Неожиданно удачливый картежник смилостивился над неудачливым:
— Ладно, хрен с тобой… Не буду тебе гребень приделывать, всегда успею. Ты мой должник, ясно? И «кишки» свои, — он кивнул в сторону одежды, — тоже забирай, на хрен они мне нужны? Но смотри, Малина, — это только до первого косяка… А теперь — брысь под нары, паучина! — страшным шепотом закончил Чалый.
Усевшись на топчан, он достал из кармана единственный оставшийся флакон одеколона и, морщась, принялся пить его маленькими глотками, не обращая никакого внимания на подельника…
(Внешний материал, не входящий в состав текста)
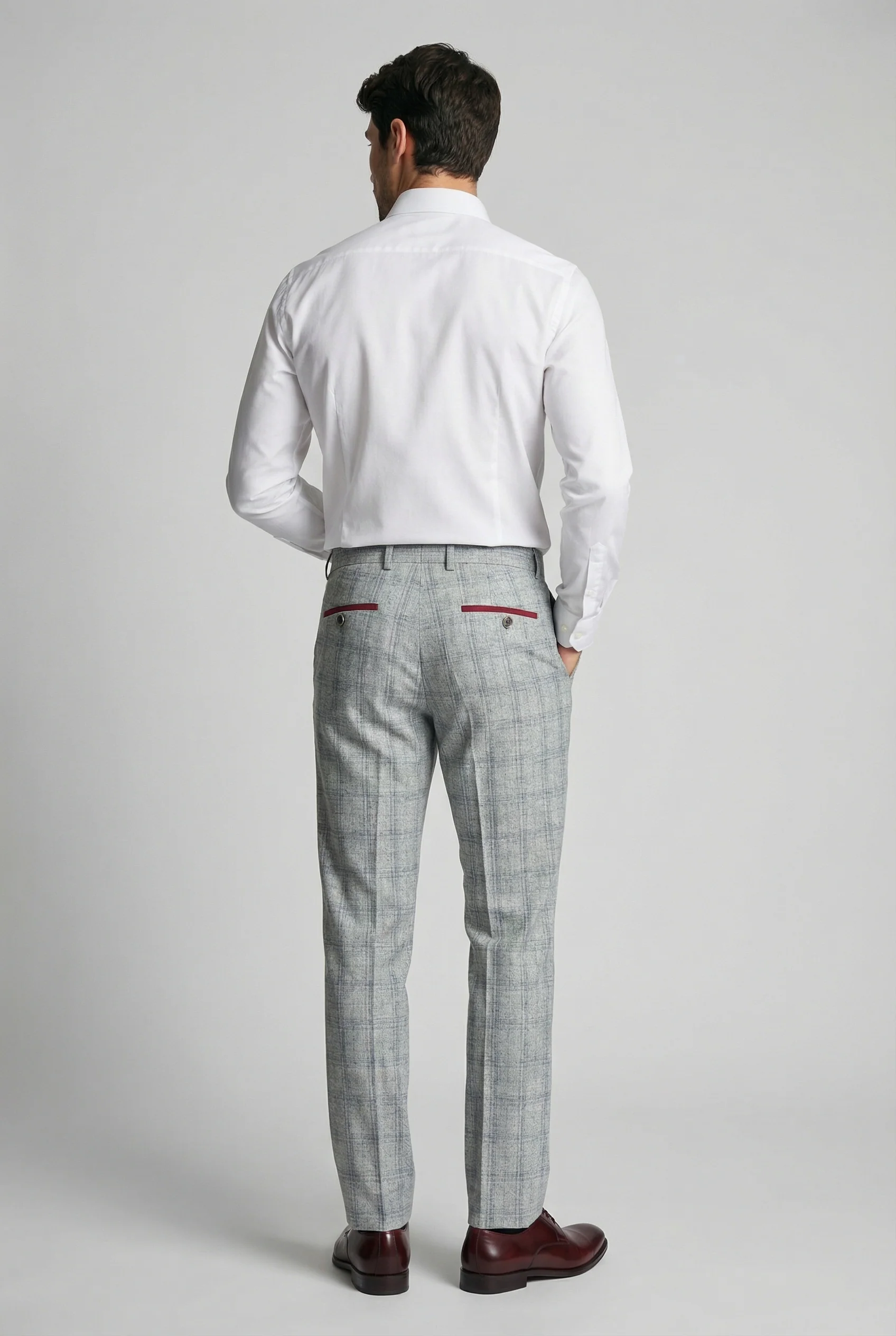 Men's Tweed Check Slim Fit Grey Trousers - ANDREW - Grey
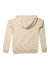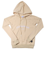 Sweat-shirt beige Sixth June Femme. Effet destroy à l'avant et à l'arrière. Inscription Parisiennes de Paris à l'avant. Capuche avec cordon de serrage. Etiquette de la marque en bas, sur le coté gauche.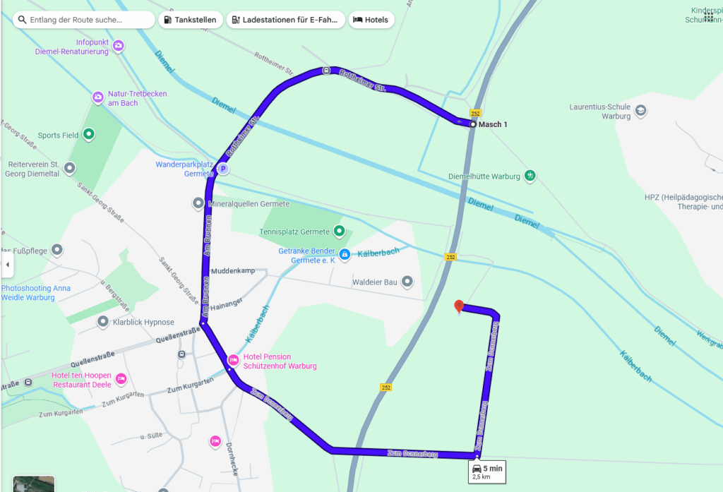 Biegen Sie von der B252 Richtung Germete ab und folgen der Rottheimer Straße. Diese geht in Am Brunnen über. Halten Sie sich links und fahren Sie geradeaus auf Zum Donnerberg. Nach 700 m biegen Sie noch einmal links ab – Sie bleiben auf Zum Donnerberg.
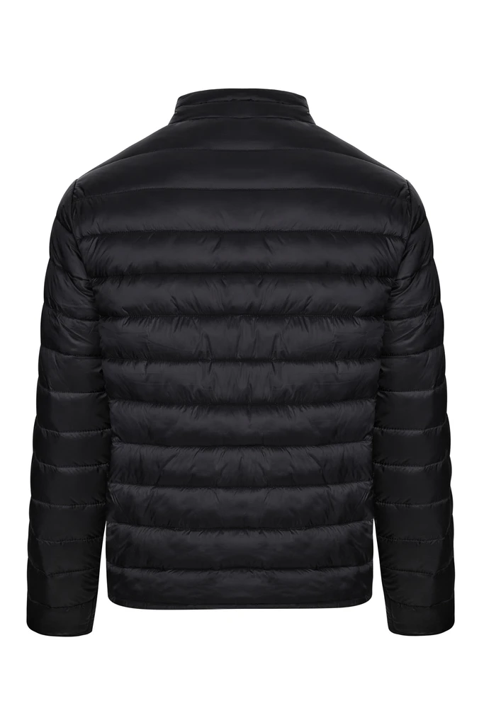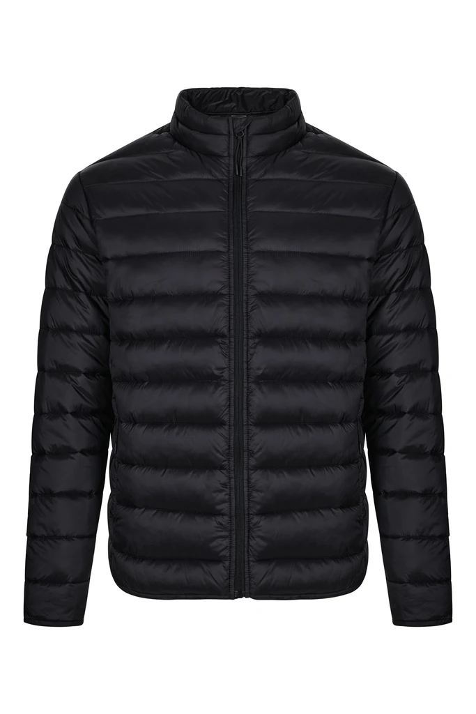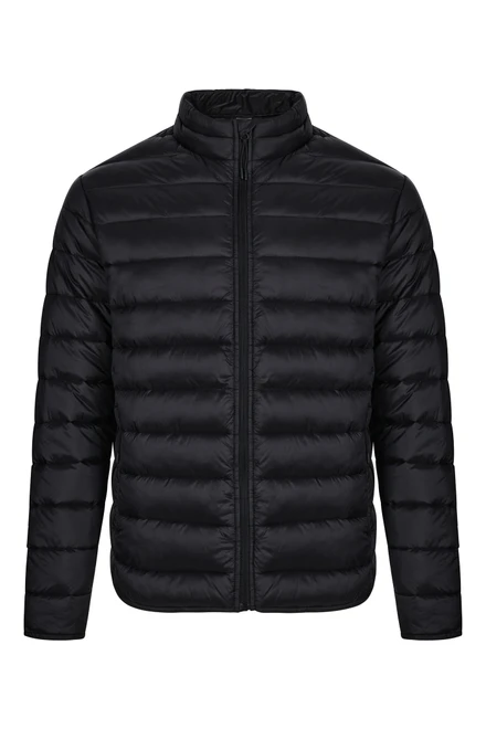 UNISEX padded jacket. 100% Polyamide. 380T. 310 g/m². Water repellent. Feathers like fake feathers. Full front reverse zip with chin guard. 2x side pocket with reverse zip. Tone-on-tone zip with plastic tip and polyester puller. Slanted trim on bottom and cuffs. Hanging loop on the inside of the collar.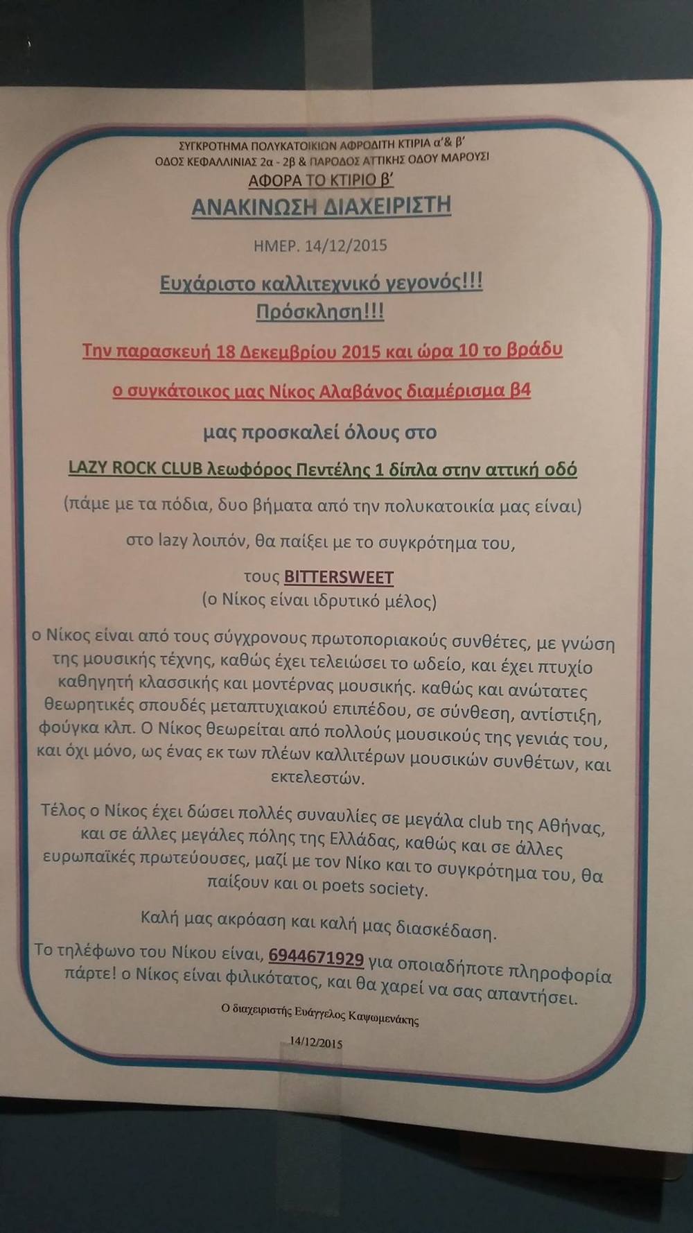 Οι αγαπημένοι του Υπογείου BitterSweet του Νικόλα Αλαβάνου αποχαιρετούν το 2015 μ'ένα live στο Lazy Club (Λ.Πεντέλης 1, Βριλήσσια - είσοδος 8 ευρώ με μπυρίτσα). Η φωτό παραπάνω νομίζω σας εξηγεί γλαφυρότατα τους λόγους που πρέπει να πάτε εκεί... :) Και πέρα από αυτό, μιλάμε για μια μπάντα με μια δισκάρα στις πλάτες της, το Dancing In The Zoo (2012) και άλλη μία, είμεθα βέβαιοι εξίσου καλή, on its way, μεγάλο μέρος της οποίας θα έχουμε την ευκαιρία να ακούσουμε απόψε. Φήμες λένε πως ο frontman Νικόλας θα φοράει τα γυαλιά ηλίου μου κατά τη διάρκεια του live (κι αυτός είναι φυσικά ένας ακόμα λόγος για να παραστείτε στο live). Τη συναυλία θα ανοίξουν οι Dead Poets Society.

Вот уже почти три часа Михаил Каратаев в сопровождении верного пса Амура шел на лыжах по заснеженной ночной тайге. Редкий лес был почти безмолвен — казалось, ни одно дерево не шелохнулось за все время пути. Ветра не было совершенно — только иногда от мороза тихо потрескивались молодые деревца.
Да, человеку неискушенному, неопытному вечерняя заснеженная тайга ничего не расскажет: деревья, которым нет числа, сугробы, похожие друг на друга, кустарники, почти до верхушек засыпанные снегом, поваленные многовековые стволы, которых почти не видно из-за белого покрова…
Но не таким человеком был бывший спецназовец: ему, потомственному охотнику, тайга могла рассказать многое, очень многое…
По виду деревьев, по направлению едва заметного ветра, по твердости наста, по виду мутно-желтой луны Михаил мог безошибочно определить, какая погода будет завтра, а значит — что могут предпринять беглецы, как может повести себя тигр-людоед…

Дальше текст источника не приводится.